Photo du rédacteur: RodolpheBayleRodolpheBayle

La Cour d'appel de Paris, dans un arrêt rendu le 6 septembre 2024, a annulé une mise en demeure émise par l'URSSAF à l'encontre d'une société de placement de mannequins.


Cette décision illustre les enjeux liés aux redressements opérés par les organismes de sécurité sociale et à la manière dont les entreprises peuvent contester de telles décisions, notamment en cas d'incohérence dans les montants réclamés.


L'affaire se concentre sur les cotisations sociales dues pour les mannequins, question complexe au croisement des règles de droit social et du droit de la sécurité sociale.


La SARL [4], société spécialisée dans le placement de mannequins, a fait l'objet d'un contrôle de l'URSSAF portant sur la période 2014-2015. Ce contrôle a donné lieu à plusieurs lettres d'observations émises le 10 juillet 2017.


Ces lettres portaient sur différents chefs de redressement, notamment sur les cotisations sociales dues au titre de rémunérations qualifiées de royalties versées à des mannequins, représentant un montant total de 132 682 euros.
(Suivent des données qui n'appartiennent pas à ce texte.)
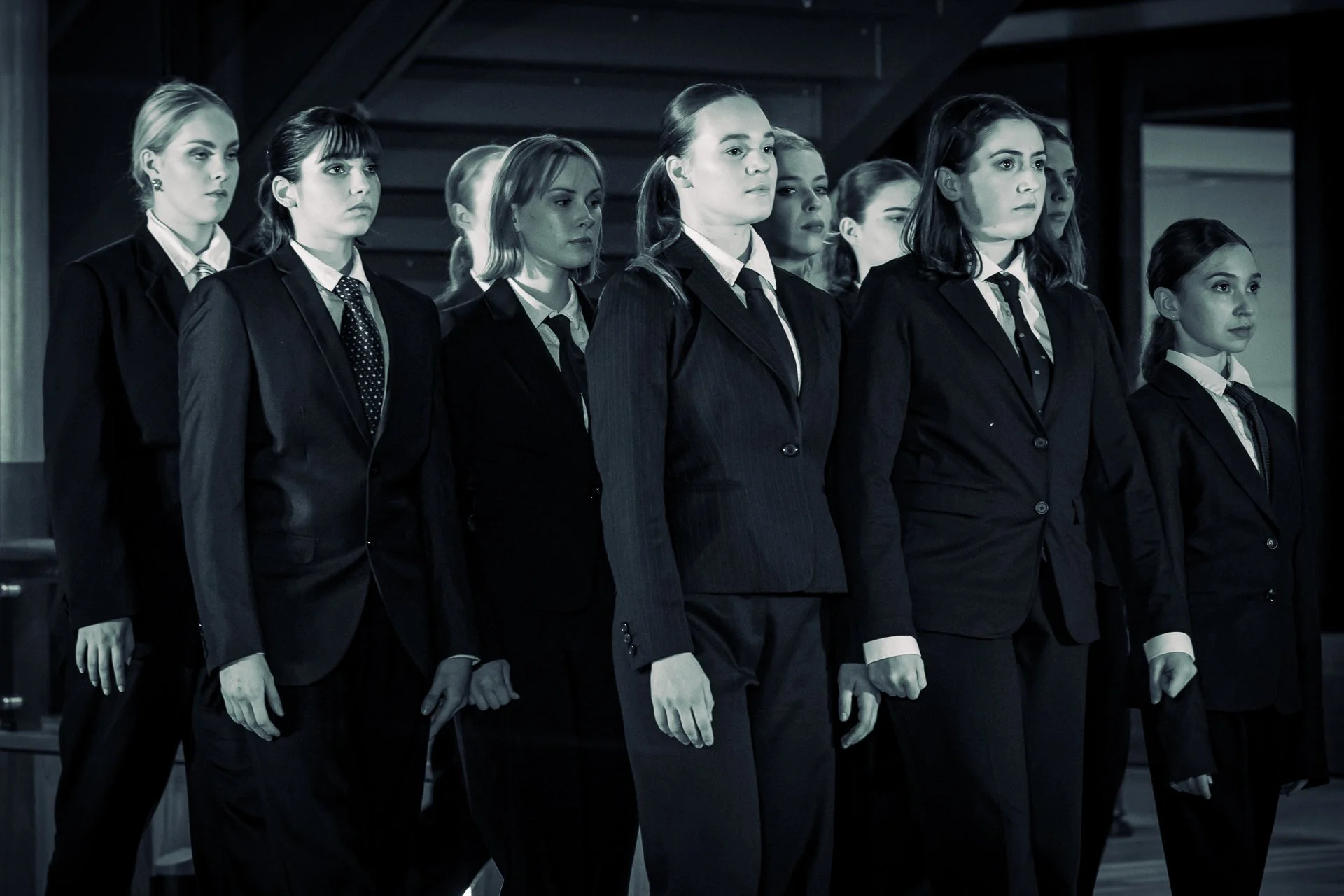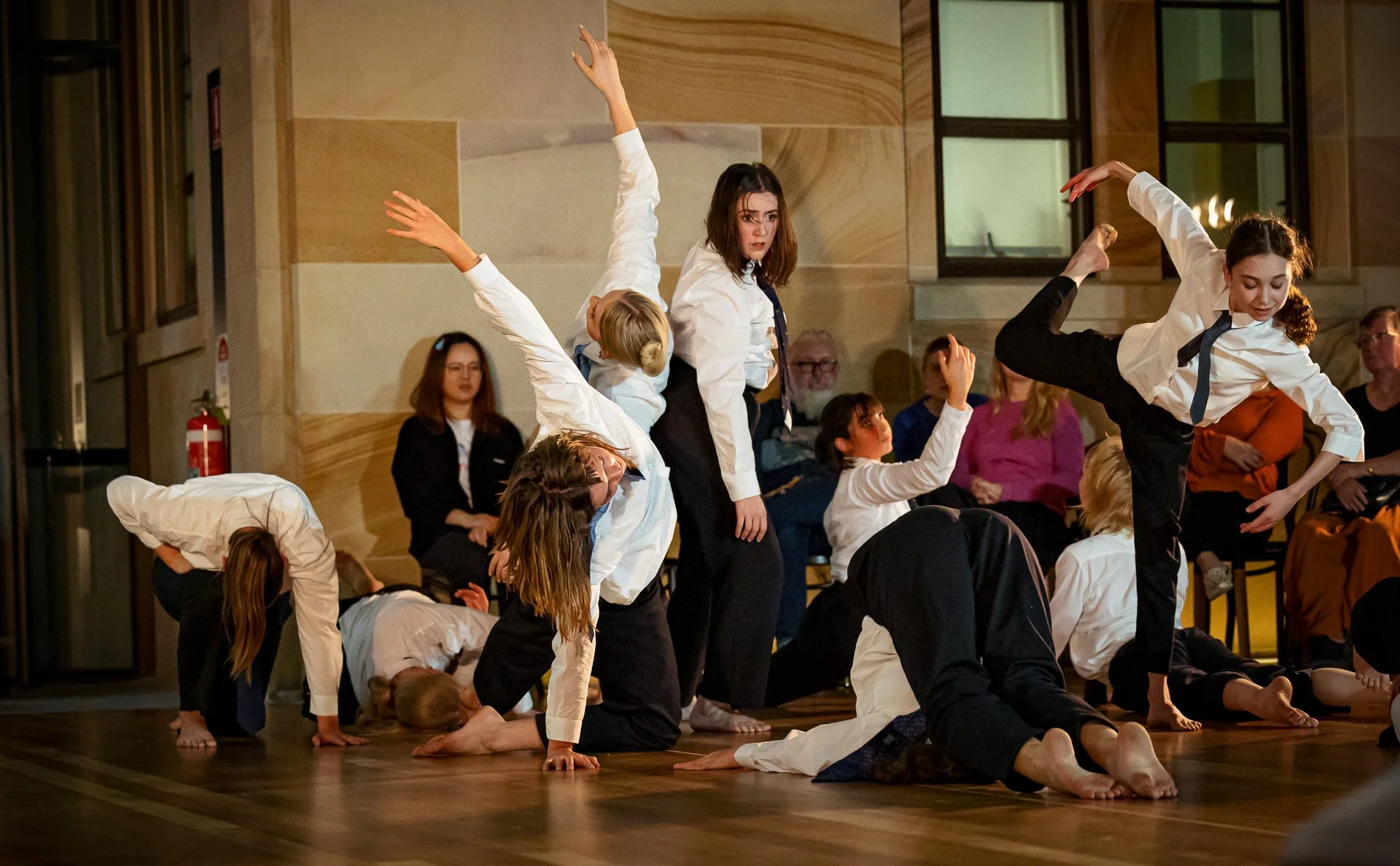 Once the doors were shut, the directorial welcome introduced Wind of Wall Street as an independent dance work developed by recent QUT graduates and students. And then the bell rang, and the Dancers (Maddison Bowyer, Jaide Camlleri, Grace Campbell, Clare Dark, Hannah Groom, Saska Scoon, Floriane Sevault, Mia Sibley, Scotia Taylor, and Anastasia Vogelsang) re-entered the space.

Contestant certaines observations, la société a engagé une procédure devant la commission de recours amiable de l'URSSAF, sans succès. Par la suite, l'URSSAF a émis une mise en demeure en date du 15 janvier 2018, réclamant un total de 159 074 euros, incluant des majorations de retard.


Cette mise en demeure a été contestée par la société devant le Tribunal judiciaire de Paris, qui a rejeté sa demande le 26 juin 2020. La SARL [4] a alors interjeté appel devant la Cour d'appel de Paris.


Le problème juridique


Le cœur du litige réside dans la cohérence des montants réclamés par l'URSSAF dans sa mise en demeure au regard des lettres d'observations préalablement émises. La question posée à la cour était de savoir si l'incohérence des montants figurant dans la mise en demeure par rapport aux lettres d'observations constituait un vice de forme suffisamment grave pour justifier son annulation.


Les prétentions des parties


La SARL [4] demandait l'annulation de la mise en demeure du 15 janvier 2018, arguant que les montants réclamés étaient incohérents et ne permettaient pas de comprendre l'étendue réelle de ses obligations. En outre, elle réclamait le remboursement des sommes versées à titre conservatoire.


De son côté, l'URSSAF reconnaissait certaines incohérences mais soutenait que celles-ci ne justifiaient pas l'annulation de la mise en demeure. Elle se référait à une jurisprudence abondante défavorable aux cotisants en matière de redressements et demandait à la cour de confirmer la décision du Tribunal judiciaire.


Le raisonnement de la cour, incohérence des montants des redressements


La Cour d'appel, dans son analyse, a pris soin d'examiner en détail les éléments de la procédure. Elle a relevé plusieurs incohérences importantes dans les montants réclamés. En effet, la mise en demeure faisait état de cotisations dues pour un montant de 308 799 euros, alors que les lettres d'observations ne mentionnaient que 132 682 euros pour le redressement principal concernant les mannequins.


La cour a rappelé que, selon l'article R. 244-1 du Code de la sécurité sociale, une mise en demeure doit être suffisamment claire pour permettre au cotisant de comprendre l'étendue exacte de sa dette.


La mise en demeure doit notamment mentionner les montants précis et être cohérente avec les lettres d'observations préalablement envoyées.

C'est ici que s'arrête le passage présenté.